WITHOUT A NET
Review by Dave Liebman
For me Wayne Shorter is THE composer of the last half century, much like Duke and Monk were for previous eras. Most strikingly there is the constant evolution from the beginning compositions for Art Blakey in the early ‘60s (“Lester Left Town”) through the Blue Note recordings (“Speak No Evil” etc.); the notable “Native Dancer” (“Black Beauty”) and Weather Report (“Elegant People”); and the past 20 years with his solo work (“Three Marias”) of the ‘80s and ‘90s through the present group of the past decade. There is no other composer in the history of jazz with such a progression of stylistic change over that length of time.
As an improviser Wayne’s playing has always reflected the modus operandi that is part and parcel of any great composer’s methodology: theme and variation, timing of events, slow development, etc. These are constants in his playing even as his style has evolved over the decades much like the writing. Wayne is the composer as player while the majority of jazz musicians compose as an extension of their playing The underlying and consistent premise is the constant manipulation of the classic artistic mantra evident across all artistic endeavors… tension and release. To balance surprise and expectation in an evenhanded manner is in the final analysis what makes something work artistically speaking, especially in an improvising genre like jazz where there is no pre-planned agenda. In Wayne’s case this tension/release scenario is clearly and consistently demonstrated across the five elements of music: melody, rhythm, harmony, color and form.
Melodically, Wayne’s choice of notes veer between dense, fast chromatic runs that sound like a blur to clearly lyrical statements, while rhythmically Shorter is constantly on the cusp of inside and over the prevailing pulse rarely if ever playing the lingua franca of dotted/triplet based eighth notes one is used to hearing in jazz. In the harmonic realm everything is there….pedal points, vamps/ostinatos (amazing how much he can get from a one or two bar repetitive pattern) with occasional use of dense harmonies offset by more consonant sonorities. (When Wayne was with Miles Davis, this was largely the opposite case.) Color refers to the instrumental sound which in Wayne’s case includes an unusually diverse array of articulations from marcato/staccato to glissando; a searing sound in the upper register of the soprano sax contrasted with a more transparent and lighter tone in the lower; also extensive use of a wide dynamic range. Form in this discussion means the overall shape and emotional impact of his solos which never follow a predetermined or repetitive pattern. He does often begin haltingly (subtone register of the horn with little spurts of ideas behind the piano) leading to a climax that is crystal clear and not formulaic. Wayne is the ultimate programmatic artist, but subtly accomplished.
This present recording clearly demonstrates the points described above. Credit must be given to the rhythm section that has been together for over a decade. Others of Wayne’s stature present new “projects” year to year but Wayne has stayed the course and apparently agrees with me that a steady group is truly the way to find “improvisational bliss.” The dialogue between John, Brian and Danilo is constant and virtuosic with “solos” often not clearly delineated keeping the listener fully engaged. The three men each contribute in a unique manner: Brian’s explosive drumming marks off the energy and story line of the music; John is absolutely committed to the task of keeping things together while Danilo serves as the front line partner of Wayne both accompanying and as the second soloist.

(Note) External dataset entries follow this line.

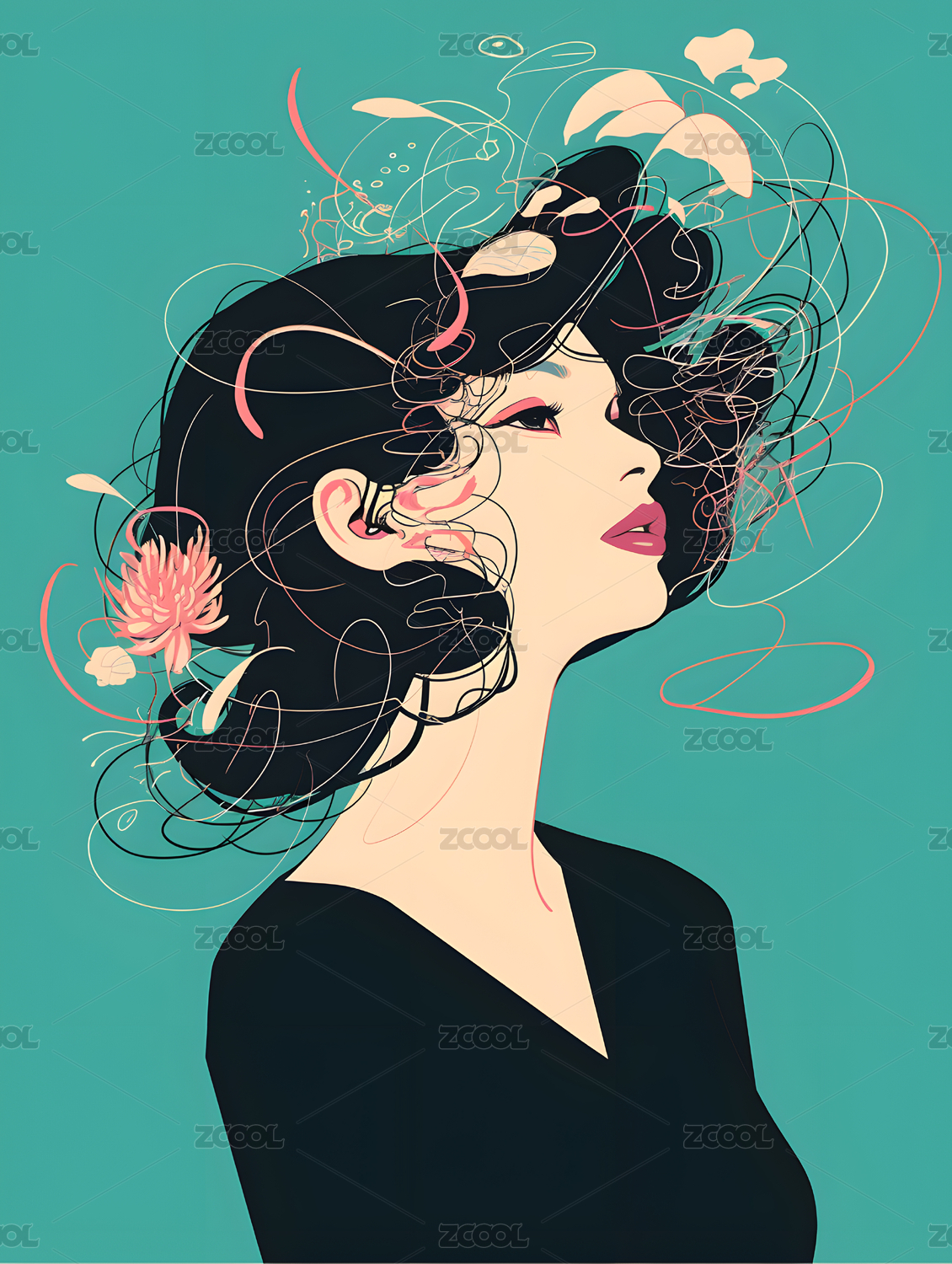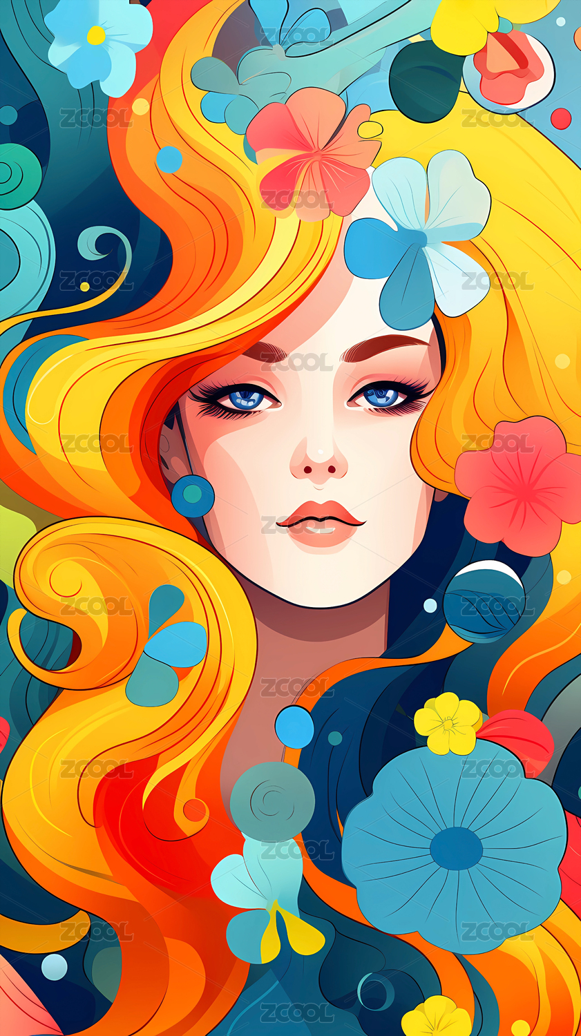 女,女生,女孩,女神,女性,人物,插画,色彩,扁平,现代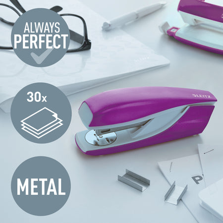 Metal stapler in catwalk colours for everyday use. Robust and reliable. Patented Direct Impact Technology and Leitz Power Performance staples P3 (24/6, 26/6) ensure perfect stapling every time.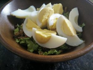 Peel the boiled eggs, and slice them lengthwise into four pieces. Add the eggs to the bowl.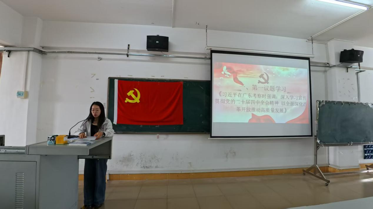 大会伊始,党支部组织委员莫雪艳同志带领大家深入学习“第一议题”关于《习近平在广东考察时强调:深入学习宣传贯彻党的二十届四中全会精神,以全面深化改革开放推动高质量发展》的重要论述。她指出,认真学习贯彻党的二十届四中全会精神是当前及今后一段时期内的重要政治任务,全体入党积极分子要通过多层次、多渠道的学习方式,深刻领悟会议精神,凝聚共识,增强信心。莫雪艳同志强调,广东作为经济大省和改革开放前沿,“十五五”规划时应树立高站位、大格局,展现走在前列、示范和担当的责任。随后,黄润煜同学分享学习心得,发言情真意切,展现了青年学子的深刻思考与积极态度。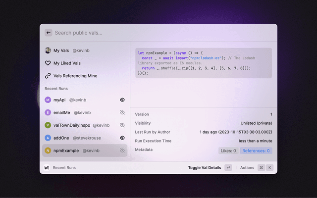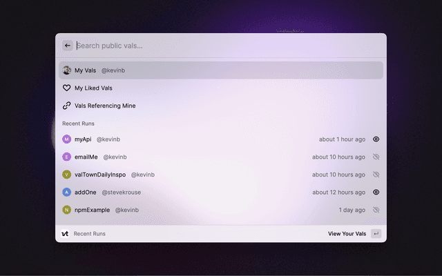View and run Vals from Raycast.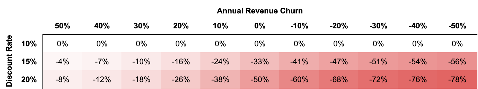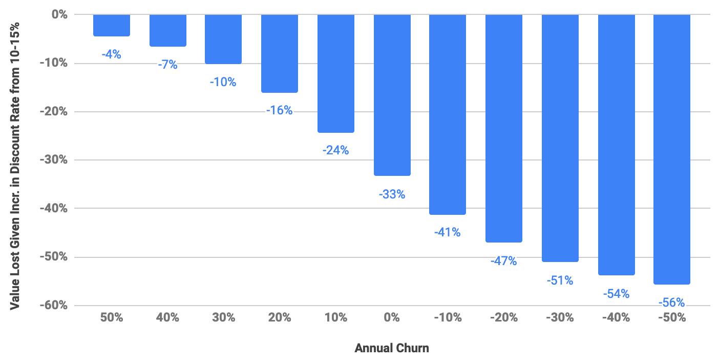 Notice how a company with 30% annual revenue churn only sees a 10% impact from a similar change in discount rate. This reflects the non-linear impact of the discount rate with respect to retention described earlier: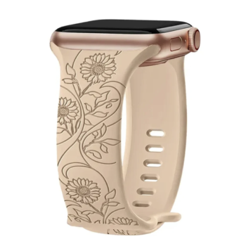 Floral Engraved Silicone Strap for Apple Watch – Fits All Series & Sizes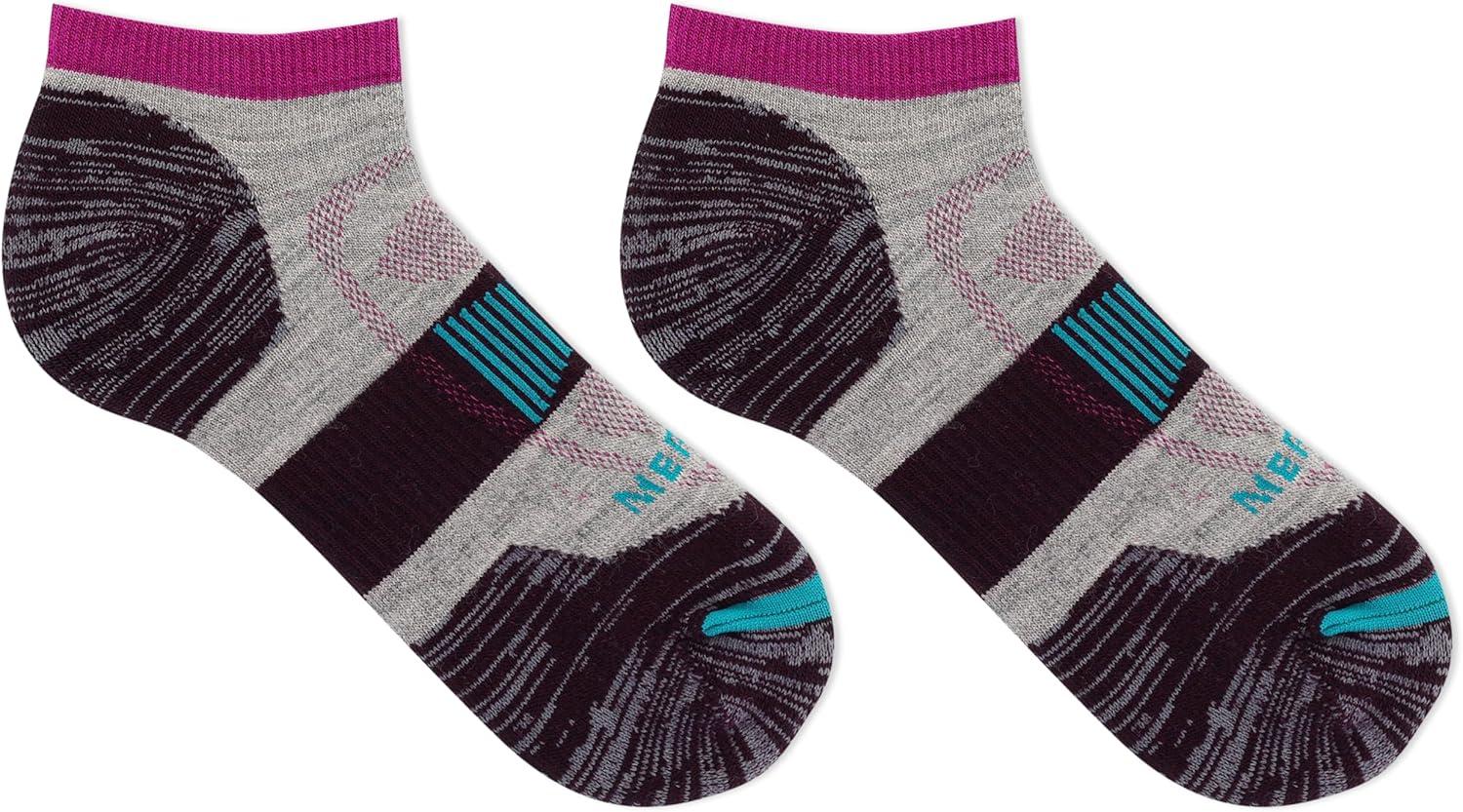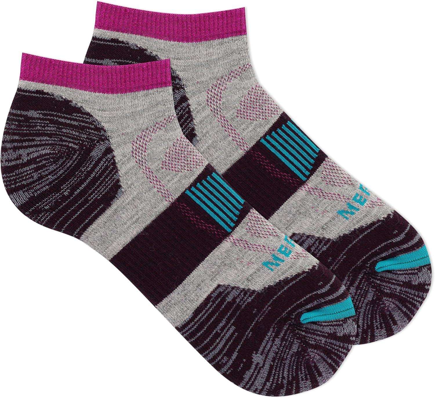 Trust your feet with quality Merino wool hiking socks crafted in Merrell comfort. Enjoy the benefits of natural moisture management, odor control and blister prevention that make Merino wool socks the hiker’s choice for any rugged outdoor adventure. Cushioned where you need it most, this all-around sock buffers tough terrain for a more comfortable, blister-free journey. Hike on in style with fresh pops of color in a sock available in ankle quarter, low cut and crew length. The deep heel pockets allow the perfect fit and comfort so your feet won’t fade before you’ve reached the summit.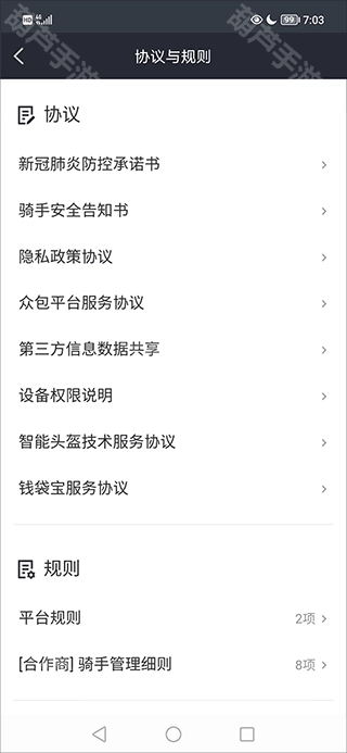 3、然后在协议与规则里找到并点击“【合作商】骑手管理细则”;
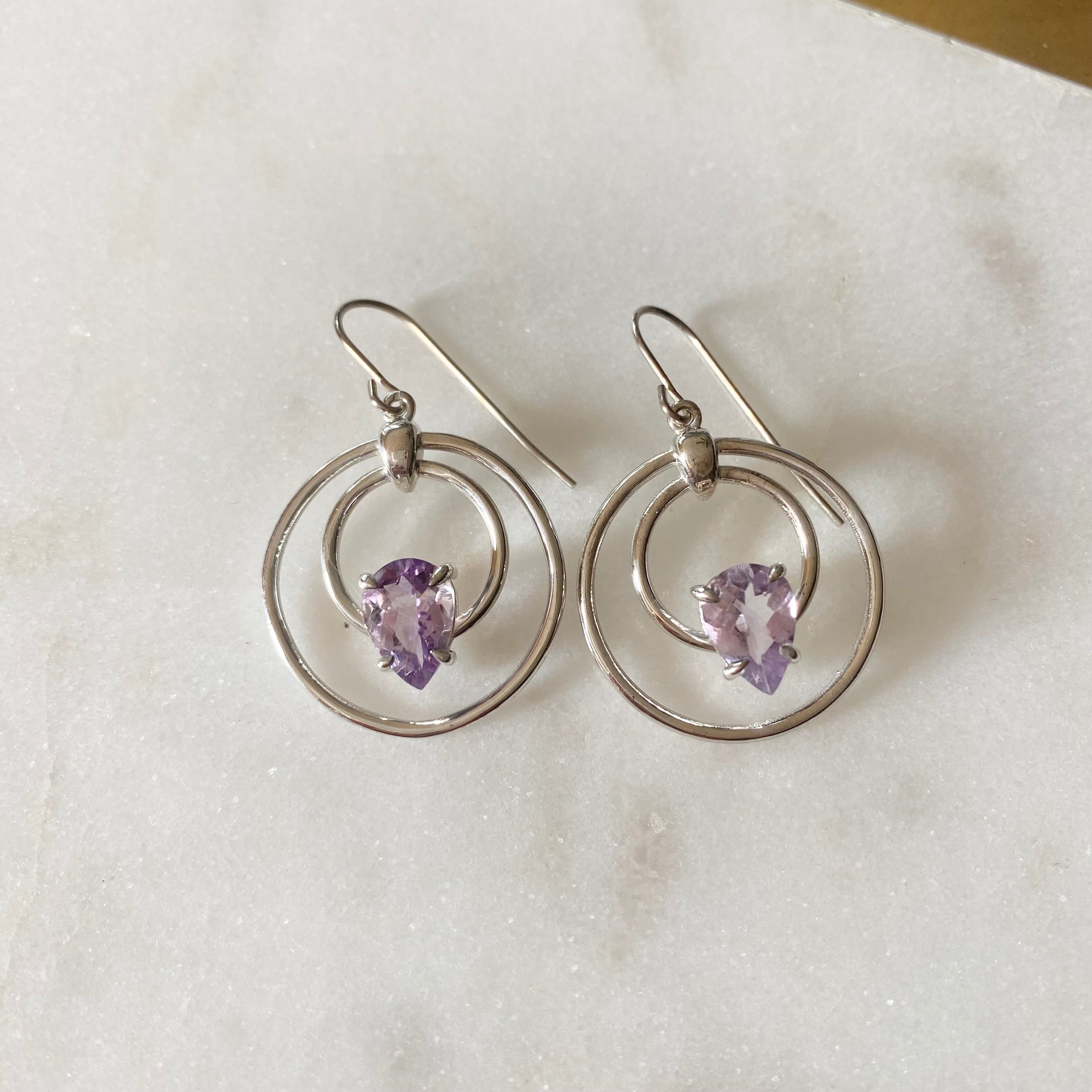 The Orbit Earrings feature a clean, balanced design of two interlocking circles, accented by a single gemstone. The design highlights clean lines and subtle geometry for a look that’s both timeless and contemporary. Crafted with intention, their minimalist form lends to quiet confidence and timeless style.

Returning to Blue Note Records after forty plus years, this live recording is a gem. The standout track that highlights all of the above in one performance is “Pegasus” featuring the group with the Imani Winds. This track alone could stand as a summary of Wayne’s present writing and playing as he approaches 80 years old. There is no doubt that Wayne Shorter has and continues to make a major contribution to the music of our time.